Mas para Luiz Algarra, consultor organizacional em processos de aprendizado informal, o buraco é mais embaixo. “Cada vez mais vemos que as instituições de ensino não preparam o jovem para a nossa realidade”, afirma. De acordo com ele, incluir a educação domiciliar como um recurso legalmente válido é uma evolução dos métodos educacionais. “O aprendizado na convivência é a base de todo o aprendizado, e não precisa ocorrer especificamente dentro dos espaços escolares, que na maioria das vezes visa preparar os jovens principalmente para a competição do vestibular, que determina toda a política do ensino fundamental e médio”, diz ele.

Todos os livros para dentro de casa

Para Luiz Carlos Faria da Silva, professor adjunto da Universidade Estadual de Maringá, os problemas que envolvem o ensino escolar não param por aí. Adepto da educação domiciliar, ele já matriculou os filhos, Lucas e Júlia, hoje com 12 e 10 anos respectivamente, em duas escolas, mas nenhuma lhe agradou. Como havia educado os filhos em casa até eles completarem sete anos, Faria da Silva afirma que as instituições de ensino acabavam por desfazer o que havia sido feito dentro de casa. “Aqui no Brasil a escola não ensina mais a ler, escrever e contar.
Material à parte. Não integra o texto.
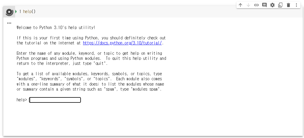 help 함수는 대화형 도움말 시스템 호출 또는 클래스나 메소드의 사용방법을 반환해준다.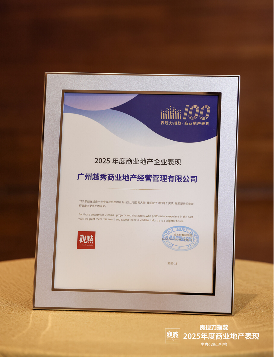 凭借卓越的综合实力,越秀商管荣获2025年度商业地产企业表现TOP12,越秀房产基金同时获得商业不动产投资管理机构表现TOP10。这不仅是越秀商管在商业地产的综合实力与均衡发展成果,更是对践行“城市生活合伙人”理念、通过体系化运营为多元客群创造真实价值的印证。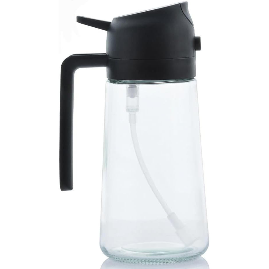 Bouteille Distributrice d'Huile d'Olive 2-en-1 de 470 ml en Verre et PP de Qualité Supérieure, Vaporisateur d'Huile Résistant à la Chaleur pour la Cuisson
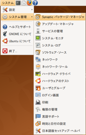 [システム]→[システム管理]→[Synaptic パッケージ・マネージャー]を選択し起動します。

A ação escolar se tornou muito ineficaz e a hegemonia da concepção construtivista no Brasil é em grande parte responsável por isso”, critica.

Descontente com os modelos educacionais oferecidos atualmente, Faria da Silva ainda acredita que permitir o convívio dos filhos na escola torna muito difícil manter o controle da formação moral que prefere que eles tenham. “O mundo está girando muito rápido atualmente e isso cria uma modificação na estrutura moral que precipita a infelicidade e torna as pessoas mais insensíveis, dificultando a auto-reflexão do homem e da família”, afirma.
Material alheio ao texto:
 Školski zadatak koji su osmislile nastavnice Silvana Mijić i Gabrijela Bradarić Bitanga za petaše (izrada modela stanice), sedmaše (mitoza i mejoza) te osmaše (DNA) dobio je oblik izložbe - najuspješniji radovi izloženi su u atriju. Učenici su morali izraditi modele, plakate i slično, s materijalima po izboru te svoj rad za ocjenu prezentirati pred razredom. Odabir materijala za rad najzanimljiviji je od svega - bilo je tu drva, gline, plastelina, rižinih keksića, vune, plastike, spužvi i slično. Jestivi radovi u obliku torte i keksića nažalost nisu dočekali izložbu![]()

Católico e devoto da família, Faria da Silva admite que, se as coisas continuarem como estão, em breve ele e sua esposa representarão uma parte muito pequena da sociedade. “Nas escolas de hoje tudo é permitido. Não posso deixar que ensinem um minimalismo moral aos meus filhos”, afirma. E realmente ele não o permite. Após ser intimado pela primeira vez pelo Conselho Tutelar a colocar os filhos novamente na escola depois de tê-los tirado de uma escola particular, Faria levou-os para uma escola pública. “Mas foi um caos e eles ficaram lá por apenas duas semanas; aí resolvi enfrentar o Ministério Público”.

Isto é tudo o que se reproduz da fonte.